Sweden’s economy is recovering slowly. ”Households have high levels of debt and mostly variable-rate mortgages,” says Martin Flodén, Professor of Economics at Stockholm University.
Martin Flodén, Professor of Economics at Stockholm University. Photo: Johanna Säll/Stockholm University
The Swedish economy has found it harder than expected to regain momentum, and the debate now focuses on the government’s budget and the Riksbank’s decisions. The government hopes tax cuts and new spending will encourage households to spend more, while others argue it is the Riksbank that needs to act.

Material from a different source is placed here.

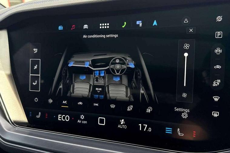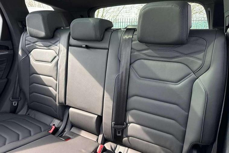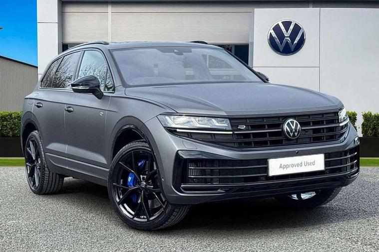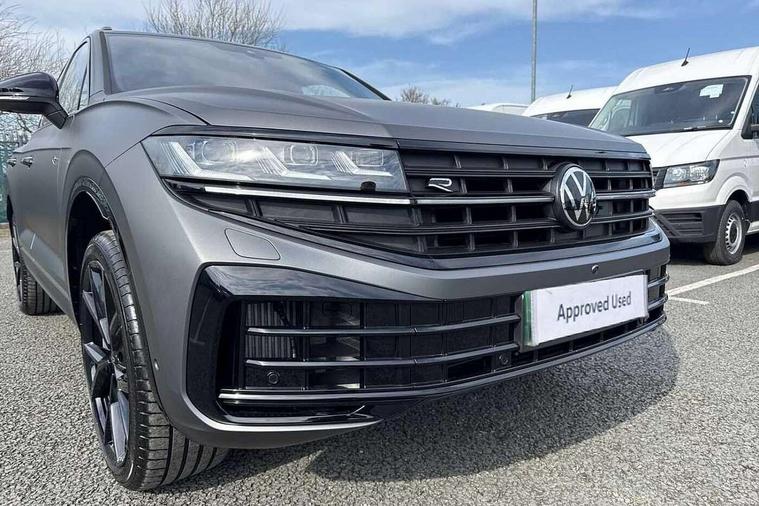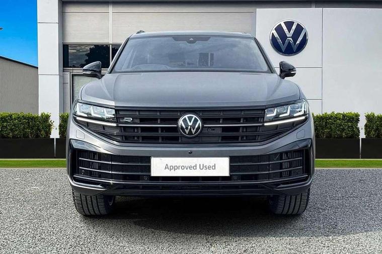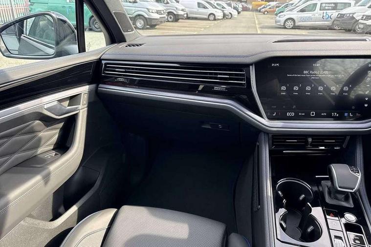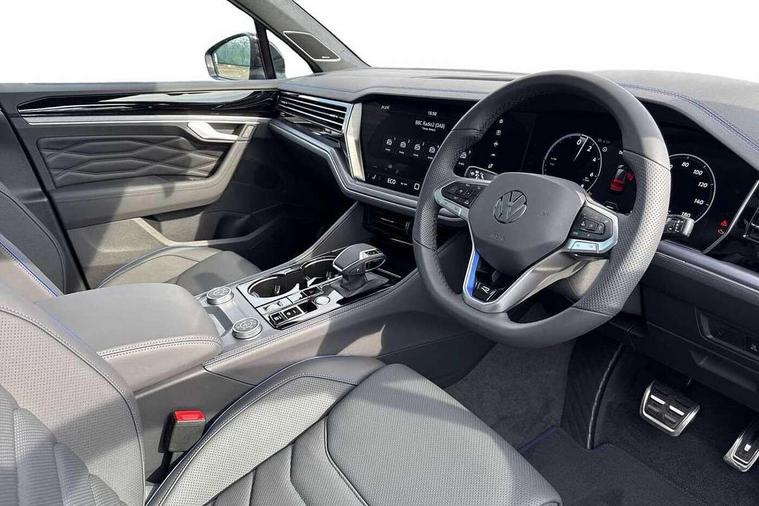 15" Screen Top infotainment system Premium (MIB3), Adaptive cruise control, Driver profile selection, Dynamic road sign display, E-Sim card for online connectivity, eCall emergency system, Innovision cockpit, Intelligent park assist, Mobile phone interface with inductive charging, Multi-colour Active Info display, Park Assist - Sensor controlled steering aid to assist parallel or bay parking, PAS, Warning signal and warning light for front and rear seatbelts not fastened, Wireless app connect, Adaptive chassis control, Air suspension, Charging cable - Mode 2 / 10-amp / 2.3 kW, Charging cable - Mode 3 / 32-amp / 7.2 kW, Standard electronic engine sound, DAB Digital radio, Diversity antenna for AM/ FM reception, We Connect and We Connect Plus functionality, Automatic coming/leaving home lighting function, Automatic headlights, Black door mirrors, Black style comfort bumpers, Dynamic headlight range control with dynamic cornering light, Electric front tilt/slide panoramic sunroof and fixed rear sunroof, Electrically power adjustable, heated, folding, auto dimming, front passenger exterior door mirror lowering function, External USB type C socket and charging sockets, Gloss black roof rails, HD LED Matrix beam plus digital headlight projection with variable light distribution, Headlight washers, Heat insulating glass in side and rear windows, Heated windscreen washer jets, Highway light, LED 3rd brake light, LED daytime running lights, LED rear combination lamp with variable lighting functions and special styling, Poor weather light, Rear exhaust tailpipe, Rear fog light with back up light on both sides, Rear light bar and illuminated logo, Rear side wing doors, Rear wiper, Stainless steel door sill protection, 12V socket in centre console, 3 rear headrests, 3 seat bench in 2nd row, 30 colours interior ambient lighting, 4 zone climate control, Additional Interior Lighting, Airbag label on sun visor and B-pillar, Black decorative trims, Brushed stainless steel pedals, Door and side trim panel with Leather quilting, Double sun visors with illuminated vanity mirrors, Front + rear carpet mats, Front centre armrest, Illuminated scuff plates in door apertures, Leather wrapped multifunction sports steering wheel, heated, with touch control and shift paddles, Mechanical rear seat release, Power adjustable lumbar support in front, Power seats in front, right side with memory features and seat cushion depth adjustment, Puglia leather upholstery with "R" ergoComfort, Rear seat backrest and split folding with center armrest, Single front passenger seat, Tool kit, Extra acoustics pack - Touareg, Memory pack plus - Touareg, 3 point seatbelts, outer rear with ECE lable, ABS, Advanced driver attention and drowsiness monitor, Child locks on rear doors, Curtain airbags, Disc brakes in front blue with R-Logo, Disc brakes in rear blue, Driver and front passenger safety-optimised head restraints, Driver/Front Passenger airbags, Extended pedestrian protection measures, Front assist, Front seat side impact airbags, Generative braking with start and stop system, Height adjustable 3 point front seatbelts with pre tensioners, Passenger airbag deactivate switch, Three 3 point rear seatbelts, Two tone horn, Tyre pressure loss indicator, Warning triangle and first aid kit, Alarm system with interior protection, Easy open and close sensor controlled luggage compartment opening and closing with remote unlocking, Keyless Access Keyless locking and starting system with SAFELOCK, Aluminium decorative inserts, Gloss black decorative inserts in centre console, 285/35 R22 106Y XL Low rolling resistance tyres, Tyre mobility kit including compressor and sealing foam,

Martin Flodén, former Deputy Governor of the Riksbank, joins Ekonomiekot Extra on Swedish Radio.
”The fact that it is taking so long to get the economy moving again is probably closely linked to Sweden having a more interest rate-sensitive economy than many other countries. Households carry high debts and mostly variable-rate mortgages,” he says.
Ahead of the Riksbank’s upcoming interest rate decision, uncertainty remains high.
”I would guess this is one of the toughest meetings they have had in recent years. That is also reflected in the fact that, if you ask market participants and analysts, there is a wide split in opinions on what they think the Riksbank should do,” Flodén continues in the radio episode.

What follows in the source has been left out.